→ **What is being asked**
Each line in the material below, starting at the one that contains "閻魔王像.是寺院亮點.根據志" and ending at the one that contains "매 끼니 식단에 대한", should be repeated exactly; the pictures should not.

→ **The data**
....
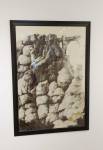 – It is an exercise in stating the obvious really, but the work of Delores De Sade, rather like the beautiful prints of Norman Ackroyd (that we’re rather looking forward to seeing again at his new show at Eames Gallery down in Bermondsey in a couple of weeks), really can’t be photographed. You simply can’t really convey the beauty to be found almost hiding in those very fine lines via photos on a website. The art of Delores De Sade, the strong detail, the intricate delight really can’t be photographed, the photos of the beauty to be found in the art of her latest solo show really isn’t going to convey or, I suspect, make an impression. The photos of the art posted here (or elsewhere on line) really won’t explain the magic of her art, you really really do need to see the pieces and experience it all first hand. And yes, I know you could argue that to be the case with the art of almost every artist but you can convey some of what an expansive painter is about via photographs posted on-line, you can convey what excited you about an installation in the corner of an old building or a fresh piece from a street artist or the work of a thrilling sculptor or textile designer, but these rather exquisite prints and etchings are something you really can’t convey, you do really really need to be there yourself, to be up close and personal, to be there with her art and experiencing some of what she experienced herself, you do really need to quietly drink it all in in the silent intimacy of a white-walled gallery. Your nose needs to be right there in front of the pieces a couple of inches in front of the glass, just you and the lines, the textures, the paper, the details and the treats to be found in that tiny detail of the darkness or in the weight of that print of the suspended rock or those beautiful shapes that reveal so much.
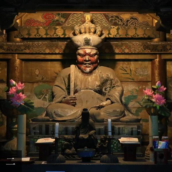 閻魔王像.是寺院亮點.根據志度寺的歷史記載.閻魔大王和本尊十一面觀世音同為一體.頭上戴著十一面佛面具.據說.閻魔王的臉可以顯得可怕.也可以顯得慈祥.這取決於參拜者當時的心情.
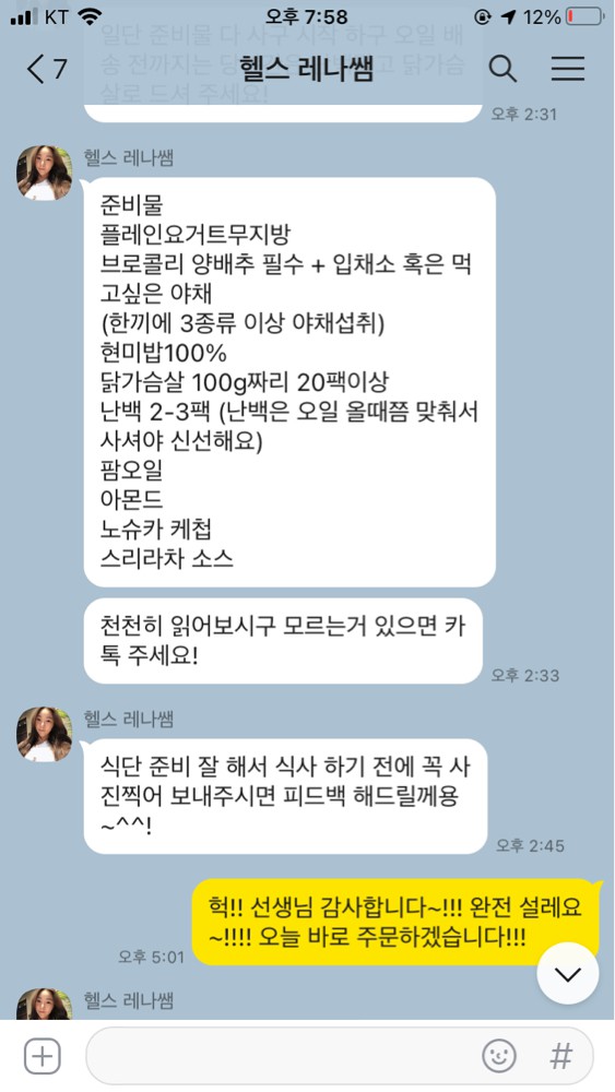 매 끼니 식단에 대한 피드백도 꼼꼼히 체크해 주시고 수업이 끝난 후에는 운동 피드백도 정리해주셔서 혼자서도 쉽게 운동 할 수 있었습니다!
....
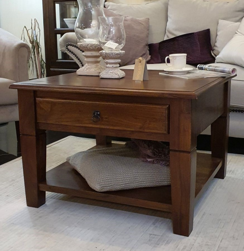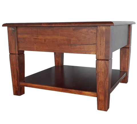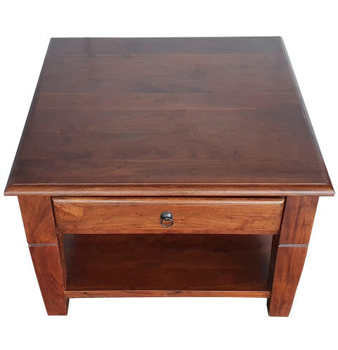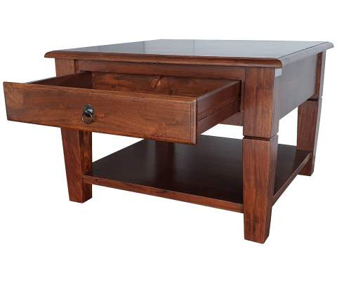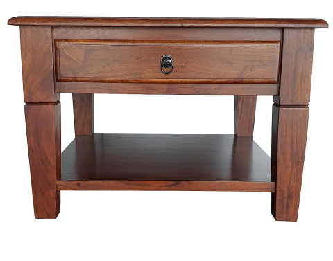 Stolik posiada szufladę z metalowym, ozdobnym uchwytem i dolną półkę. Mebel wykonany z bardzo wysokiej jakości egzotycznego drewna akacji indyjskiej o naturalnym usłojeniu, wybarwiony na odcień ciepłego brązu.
....
→ **Task result**
 閻魔王像.是寺院亮點.根據志度寺的歷史記載.閻魔大王和本尊十一面觀世音同為一體.頭上戴著十一面佛面具.據說.閻魔王的臉可以顯得可怕.也可以顯得慈祥.這取決於參拜者當時的心情.
 매 끼니 식단에 대한 피드백도 꼼꼼히 체크해 주시고 수업이 끝난 후에는 운동 피드백도 정리해주셔서 혼자서도 쉽게 운동 할 수 있었습니다!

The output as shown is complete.